*** Information supplied ***

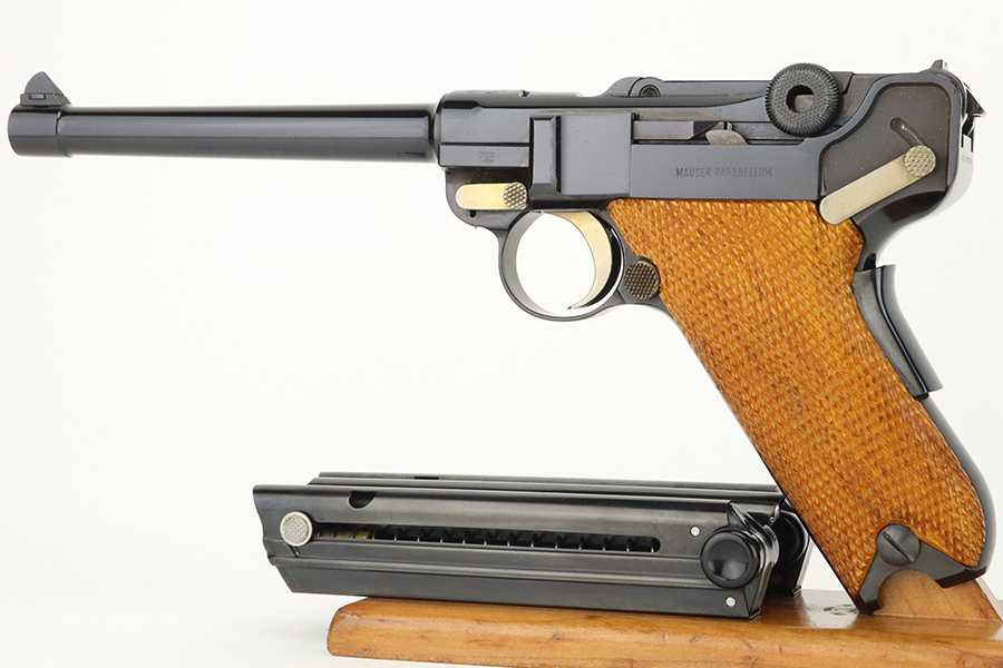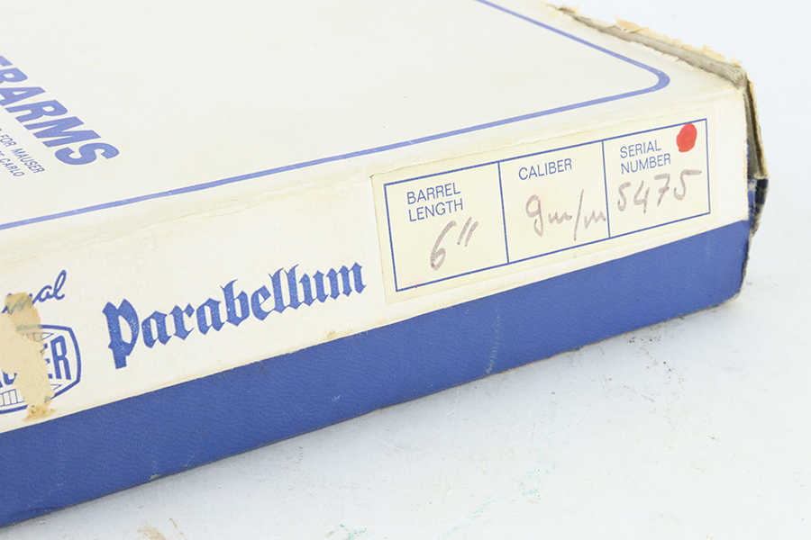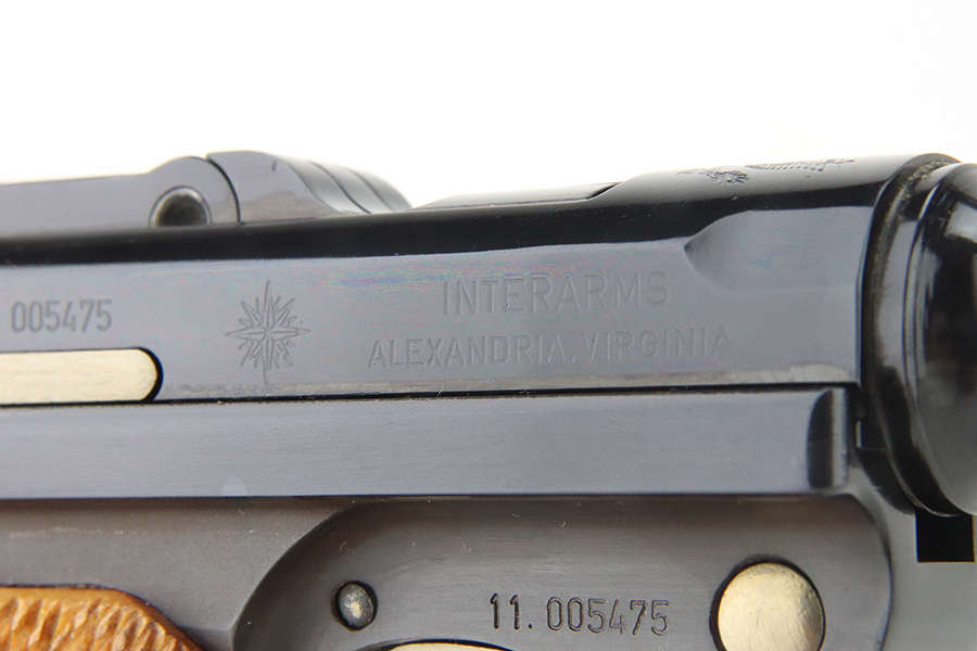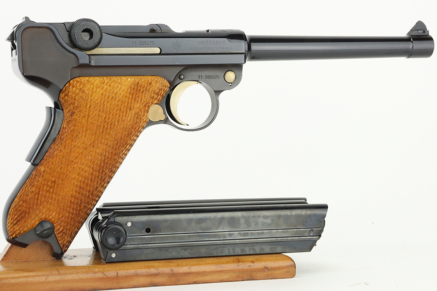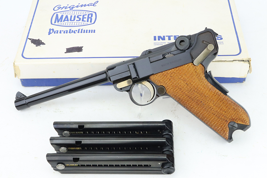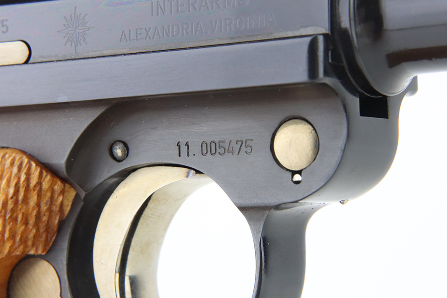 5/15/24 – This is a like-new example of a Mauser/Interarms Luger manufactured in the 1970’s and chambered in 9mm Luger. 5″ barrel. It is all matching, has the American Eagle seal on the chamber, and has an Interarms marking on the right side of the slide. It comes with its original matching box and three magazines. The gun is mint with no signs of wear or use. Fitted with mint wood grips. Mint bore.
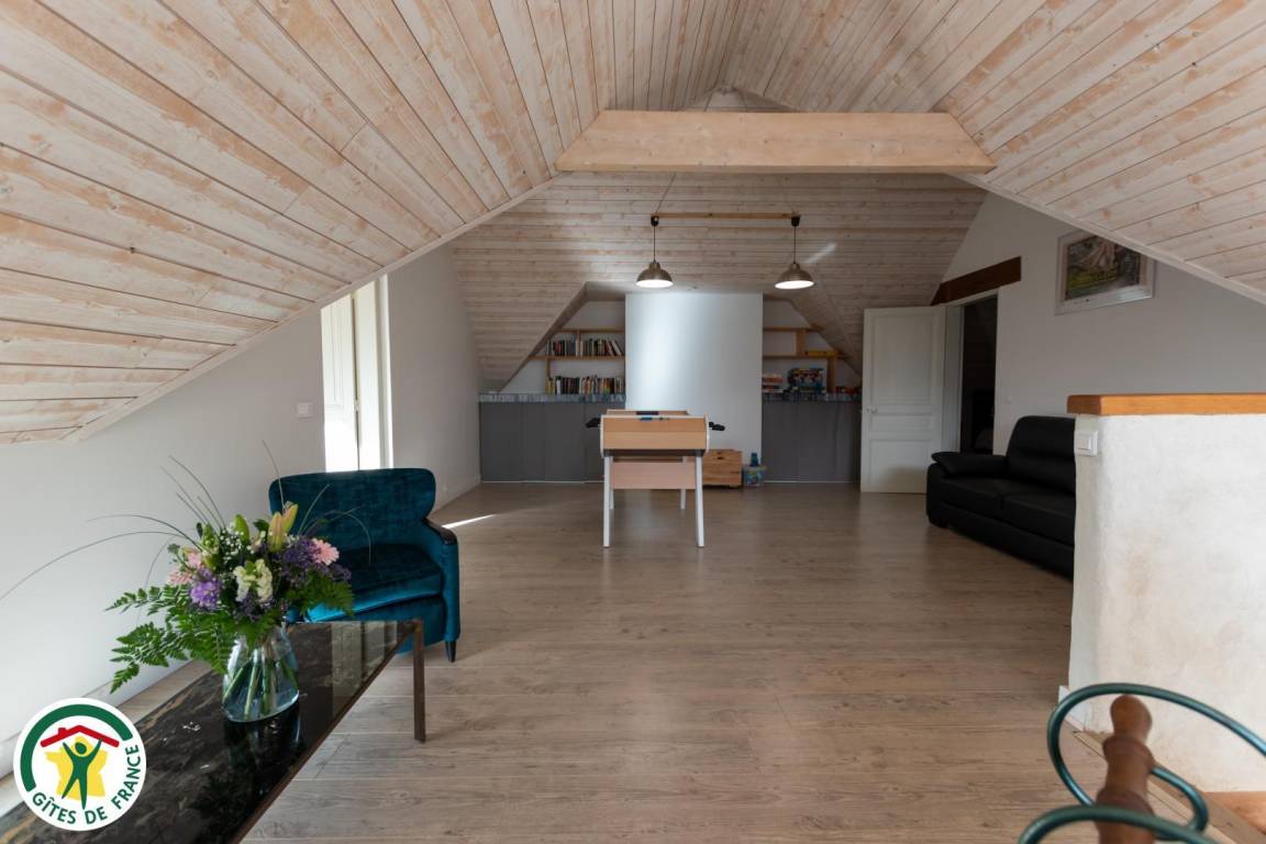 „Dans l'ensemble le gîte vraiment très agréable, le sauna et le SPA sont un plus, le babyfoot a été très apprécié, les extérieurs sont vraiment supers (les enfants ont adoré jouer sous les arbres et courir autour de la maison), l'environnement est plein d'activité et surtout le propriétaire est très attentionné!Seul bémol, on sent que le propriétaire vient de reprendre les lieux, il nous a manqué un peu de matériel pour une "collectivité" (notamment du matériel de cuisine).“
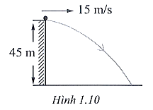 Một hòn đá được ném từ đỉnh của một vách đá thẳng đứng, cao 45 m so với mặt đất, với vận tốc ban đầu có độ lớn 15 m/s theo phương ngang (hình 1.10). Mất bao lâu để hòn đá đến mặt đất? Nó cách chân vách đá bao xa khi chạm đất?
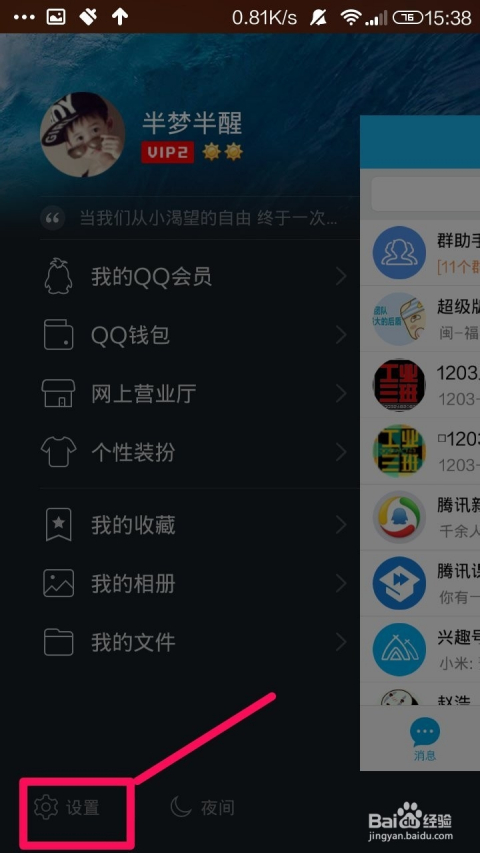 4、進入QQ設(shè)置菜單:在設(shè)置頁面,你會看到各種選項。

*** End of Information supplied ***

• Exercise description: Retype, word for word, the line containing "Một hòn đá được" and each line after it through the end of the data, leaving any picture out.

• Result of the exercise:
 Một hòn đá được ném từ đỉnh của một vách đá thẳng đứng, cao 45 m so với mặt đất, với vận tốc ban đầu có độ lớn 15 m/s theo phương ngang (hình 1.10). Mất bao lâu để hòn đá đến mặt đất? Nó cách chân vách đá bao xa khi chạm đất?
 4、進入QQ設(shè)置菜單:在設(shè)置頁面,你會看到各種選項。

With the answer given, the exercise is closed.